(PROVIDED RECORDS Opens)
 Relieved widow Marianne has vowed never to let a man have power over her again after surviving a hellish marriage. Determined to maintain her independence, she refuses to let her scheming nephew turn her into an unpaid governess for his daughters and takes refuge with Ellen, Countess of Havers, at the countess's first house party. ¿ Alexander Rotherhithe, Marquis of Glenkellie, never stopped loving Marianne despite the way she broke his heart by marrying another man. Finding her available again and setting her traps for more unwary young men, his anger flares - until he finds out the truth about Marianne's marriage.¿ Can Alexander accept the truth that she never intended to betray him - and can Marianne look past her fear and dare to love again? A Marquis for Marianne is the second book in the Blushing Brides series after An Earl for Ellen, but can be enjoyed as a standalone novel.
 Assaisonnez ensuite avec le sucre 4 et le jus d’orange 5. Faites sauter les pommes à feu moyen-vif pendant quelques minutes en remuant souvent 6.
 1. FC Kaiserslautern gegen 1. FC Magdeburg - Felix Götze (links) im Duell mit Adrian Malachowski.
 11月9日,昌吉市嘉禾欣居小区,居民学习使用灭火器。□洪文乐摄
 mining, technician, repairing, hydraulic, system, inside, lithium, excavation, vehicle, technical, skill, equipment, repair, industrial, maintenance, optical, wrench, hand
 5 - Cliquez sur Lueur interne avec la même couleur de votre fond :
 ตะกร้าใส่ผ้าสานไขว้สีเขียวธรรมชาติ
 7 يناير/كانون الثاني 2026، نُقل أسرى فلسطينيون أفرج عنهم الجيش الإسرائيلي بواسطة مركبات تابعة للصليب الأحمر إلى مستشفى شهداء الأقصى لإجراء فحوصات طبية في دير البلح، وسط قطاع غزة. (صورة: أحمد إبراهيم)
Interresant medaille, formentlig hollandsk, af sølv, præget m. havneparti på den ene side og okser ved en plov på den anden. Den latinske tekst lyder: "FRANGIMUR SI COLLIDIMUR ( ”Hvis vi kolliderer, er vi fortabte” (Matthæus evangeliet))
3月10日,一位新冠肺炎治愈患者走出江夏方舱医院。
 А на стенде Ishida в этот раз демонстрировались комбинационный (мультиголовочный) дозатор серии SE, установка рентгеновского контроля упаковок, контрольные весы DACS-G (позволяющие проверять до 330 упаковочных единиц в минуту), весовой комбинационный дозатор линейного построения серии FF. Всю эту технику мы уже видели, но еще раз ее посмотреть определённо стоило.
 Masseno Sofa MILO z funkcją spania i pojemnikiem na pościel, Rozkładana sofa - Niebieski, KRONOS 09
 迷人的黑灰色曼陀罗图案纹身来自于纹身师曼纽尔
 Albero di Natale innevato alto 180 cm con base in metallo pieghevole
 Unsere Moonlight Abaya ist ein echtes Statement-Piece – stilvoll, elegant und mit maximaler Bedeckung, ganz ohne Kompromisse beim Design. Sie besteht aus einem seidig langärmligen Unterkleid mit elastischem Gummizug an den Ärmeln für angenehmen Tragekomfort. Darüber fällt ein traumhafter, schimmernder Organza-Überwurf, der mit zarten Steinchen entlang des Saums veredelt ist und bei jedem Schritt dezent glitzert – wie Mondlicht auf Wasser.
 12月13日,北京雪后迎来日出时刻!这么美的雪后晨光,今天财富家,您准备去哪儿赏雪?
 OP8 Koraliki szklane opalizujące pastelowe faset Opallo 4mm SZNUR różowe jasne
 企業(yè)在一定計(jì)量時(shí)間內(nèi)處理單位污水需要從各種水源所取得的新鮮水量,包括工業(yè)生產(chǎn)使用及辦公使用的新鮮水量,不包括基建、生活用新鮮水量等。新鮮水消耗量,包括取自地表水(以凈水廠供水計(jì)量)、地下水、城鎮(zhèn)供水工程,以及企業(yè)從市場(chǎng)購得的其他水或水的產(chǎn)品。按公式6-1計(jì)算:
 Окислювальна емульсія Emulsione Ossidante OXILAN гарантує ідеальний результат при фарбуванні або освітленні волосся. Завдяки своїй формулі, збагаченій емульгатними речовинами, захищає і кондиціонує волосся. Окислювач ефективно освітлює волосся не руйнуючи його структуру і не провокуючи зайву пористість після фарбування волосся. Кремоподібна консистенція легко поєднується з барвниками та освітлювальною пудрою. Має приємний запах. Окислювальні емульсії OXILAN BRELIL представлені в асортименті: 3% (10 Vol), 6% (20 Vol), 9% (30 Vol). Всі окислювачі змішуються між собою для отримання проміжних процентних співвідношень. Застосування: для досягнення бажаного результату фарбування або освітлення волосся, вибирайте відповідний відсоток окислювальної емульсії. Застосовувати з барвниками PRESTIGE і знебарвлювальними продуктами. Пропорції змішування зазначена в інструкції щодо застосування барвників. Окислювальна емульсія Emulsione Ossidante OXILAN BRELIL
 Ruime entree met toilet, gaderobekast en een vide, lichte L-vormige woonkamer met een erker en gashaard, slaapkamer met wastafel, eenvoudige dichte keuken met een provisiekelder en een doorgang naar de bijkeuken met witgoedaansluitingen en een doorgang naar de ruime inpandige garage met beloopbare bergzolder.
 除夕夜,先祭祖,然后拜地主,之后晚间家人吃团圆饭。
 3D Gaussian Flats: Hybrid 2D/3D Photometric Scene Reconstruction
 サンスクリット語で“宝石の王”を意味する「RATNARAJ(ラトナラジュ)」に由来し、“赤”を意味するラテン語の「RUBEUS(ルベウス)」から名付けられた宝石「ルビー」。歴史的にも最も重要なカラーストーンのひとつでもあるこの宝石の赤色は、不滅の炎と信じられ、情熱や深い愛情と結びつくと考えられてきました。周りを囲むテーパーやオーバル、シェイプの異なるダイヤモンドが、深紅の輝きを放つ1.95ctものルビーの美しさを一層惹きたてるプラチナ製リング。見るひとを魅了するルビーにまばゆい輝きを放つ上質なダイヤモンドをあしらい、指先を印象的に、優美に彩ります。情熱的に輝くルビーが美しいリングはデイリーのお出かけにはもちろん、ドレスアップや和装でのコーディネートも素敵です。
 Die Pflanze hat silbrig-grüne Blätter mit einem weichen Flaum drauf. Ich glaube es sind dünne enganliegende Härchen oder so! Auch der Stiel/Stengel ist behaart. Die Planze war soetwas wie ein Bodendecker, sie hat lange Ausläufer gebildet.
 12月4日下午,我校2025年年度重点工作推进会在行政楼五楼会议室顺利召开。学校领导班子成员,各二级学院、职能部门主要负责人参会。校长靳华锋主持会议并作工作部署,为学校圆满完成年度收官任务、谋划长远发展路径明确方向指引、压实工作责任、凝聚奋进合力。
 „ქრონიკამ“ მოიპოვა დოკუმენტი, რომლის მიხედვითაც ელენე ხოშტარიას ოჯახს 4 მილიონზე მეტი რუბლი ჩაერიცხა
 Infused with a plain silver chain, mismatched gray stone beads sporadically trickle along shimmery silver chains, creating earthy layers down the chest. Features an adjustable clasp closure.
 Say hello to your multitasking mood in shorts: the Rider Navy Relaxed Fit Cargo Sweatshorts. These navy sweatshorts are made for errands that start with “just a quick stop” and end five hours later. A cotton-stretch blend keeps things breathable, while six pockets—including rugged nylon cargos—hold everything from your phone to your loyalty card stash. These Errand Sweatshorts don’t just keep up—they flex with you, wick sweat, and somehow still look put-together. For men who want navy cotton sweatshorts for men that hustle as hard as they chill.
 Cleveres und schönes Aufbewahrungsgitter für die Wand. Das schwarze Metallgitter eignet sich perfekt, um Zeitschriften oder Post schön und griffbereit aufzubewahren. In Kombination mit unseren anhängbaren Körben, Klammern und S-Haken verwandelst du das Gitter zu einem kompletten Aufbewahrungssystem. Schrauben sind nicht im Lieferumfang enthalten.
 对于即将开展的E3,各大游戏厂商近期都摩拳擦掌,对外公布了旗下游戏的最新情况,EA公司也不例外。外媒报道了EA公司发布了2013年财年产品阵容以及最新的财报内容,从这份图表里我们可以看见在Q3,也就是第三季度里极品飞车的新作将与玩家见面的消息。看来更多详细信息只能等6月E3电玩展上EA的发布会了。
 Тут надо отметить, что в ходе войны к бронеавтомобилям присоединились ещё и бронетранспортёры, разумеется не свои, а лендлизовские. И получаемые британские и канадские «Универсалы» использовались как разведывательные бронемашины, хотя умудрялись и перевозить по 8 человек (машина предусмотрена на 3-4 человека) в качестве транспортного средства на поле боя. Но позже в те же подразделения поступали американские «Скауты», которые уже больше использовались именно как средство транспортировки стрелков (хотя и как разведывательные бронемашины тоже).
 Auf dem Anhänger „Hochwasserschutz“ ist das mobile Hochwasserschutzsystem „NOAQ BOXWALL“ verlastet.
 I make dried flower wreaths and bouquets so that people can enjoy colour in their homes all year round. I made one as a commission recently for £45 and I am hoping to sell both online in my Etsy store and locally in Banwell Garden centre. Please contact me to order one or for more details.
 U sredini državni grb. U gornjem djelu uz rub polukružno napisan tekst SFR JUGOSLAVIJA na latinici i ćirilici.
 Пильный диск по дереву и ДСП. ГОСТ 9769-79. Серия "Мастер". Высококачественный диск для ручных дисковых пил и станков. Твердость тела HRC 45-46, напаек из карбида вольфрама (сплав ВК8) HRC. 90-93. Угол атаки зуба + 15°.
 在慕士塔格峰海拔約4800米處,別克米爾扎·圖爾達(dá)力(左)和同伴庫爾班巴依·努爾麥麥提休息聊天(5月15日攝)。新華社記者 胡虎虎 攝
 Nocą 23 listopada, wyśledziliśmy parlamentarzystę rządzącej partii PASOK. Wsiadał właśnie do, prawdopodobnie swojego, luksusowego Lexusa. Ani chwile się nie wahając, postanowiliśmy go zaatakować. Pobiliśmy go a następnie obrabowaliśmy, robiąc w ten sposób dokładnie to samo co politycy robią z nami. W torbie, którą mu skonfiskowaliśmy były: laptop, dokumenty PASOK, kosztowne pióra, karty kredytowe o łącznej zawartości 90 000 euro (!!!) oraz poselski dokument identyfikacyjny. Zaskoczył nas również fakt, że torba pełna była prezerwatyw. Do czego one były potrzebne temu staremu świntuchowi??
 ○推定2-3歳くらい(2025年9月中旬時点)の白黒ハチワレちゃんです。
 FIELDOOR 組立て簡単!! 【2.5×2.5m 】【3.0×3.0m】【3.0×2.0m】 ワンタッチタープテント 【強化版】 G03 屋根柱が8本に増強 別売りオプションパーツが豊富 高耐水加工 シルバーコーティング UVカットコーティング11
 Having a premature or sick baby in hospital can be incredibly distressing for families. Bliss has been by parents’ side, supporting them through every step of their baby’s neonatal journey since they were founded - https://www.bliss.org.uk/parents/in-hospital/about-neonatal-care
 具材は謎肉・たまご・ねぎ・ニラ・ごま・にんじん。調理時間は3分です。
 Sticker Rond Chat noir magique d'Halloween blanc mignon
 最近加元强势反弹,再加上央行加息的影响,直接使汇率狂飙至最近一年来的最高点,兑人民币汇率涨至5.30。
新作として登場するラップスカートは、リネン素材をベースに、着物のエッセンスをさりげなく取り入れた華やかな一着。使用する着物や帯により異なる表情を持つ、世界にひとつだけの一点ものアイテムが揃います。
(PROVIDED RECORDS Closes)
EXERCISE DETAILS: In the entries above, find the line holding "Die Pflanze hat" and the line holding "Infused with a"; print both of them and every line between, exactly, and nothing else.

EXPECTED ANSWER:
 Die Pflanze hat silbrig-grüne Blätter mit einem weichen Flaum drauf. Ich glaube es sind dünne enganliegende Härchen oder so! Auch der Stiel/Stengel ist behaart. Die Planze war soetwas wie ein Bodendecker, sie hat lange Ausläufer gebildet.
 12月4日下午,我校2025年年度重点工作推进会在行政楼五楼会议室顺利召开。学校领导班子成员,各二级学院、职能部门主要负责人参会。校长靳华锋主持会议并作工作部署,为学校圆满完成年度收官任务、谋划长远发展路径明确方向指引、压实工作责任、凝聚奋进合力。
 „ქრონიკამ“ მოიპოვა დოკუმენტი, რომლის მიხედვითაც ელენე ხოშტარიას ოჯახს 4 მილიონზე მეტი რუბლი ჩაერიცხა
 Infused with a plain silver chain, mismatched gray stone beads sporadically trickle along shimmery silver chains, creating earthy layers down the chest. Features an adjustable clasp closure.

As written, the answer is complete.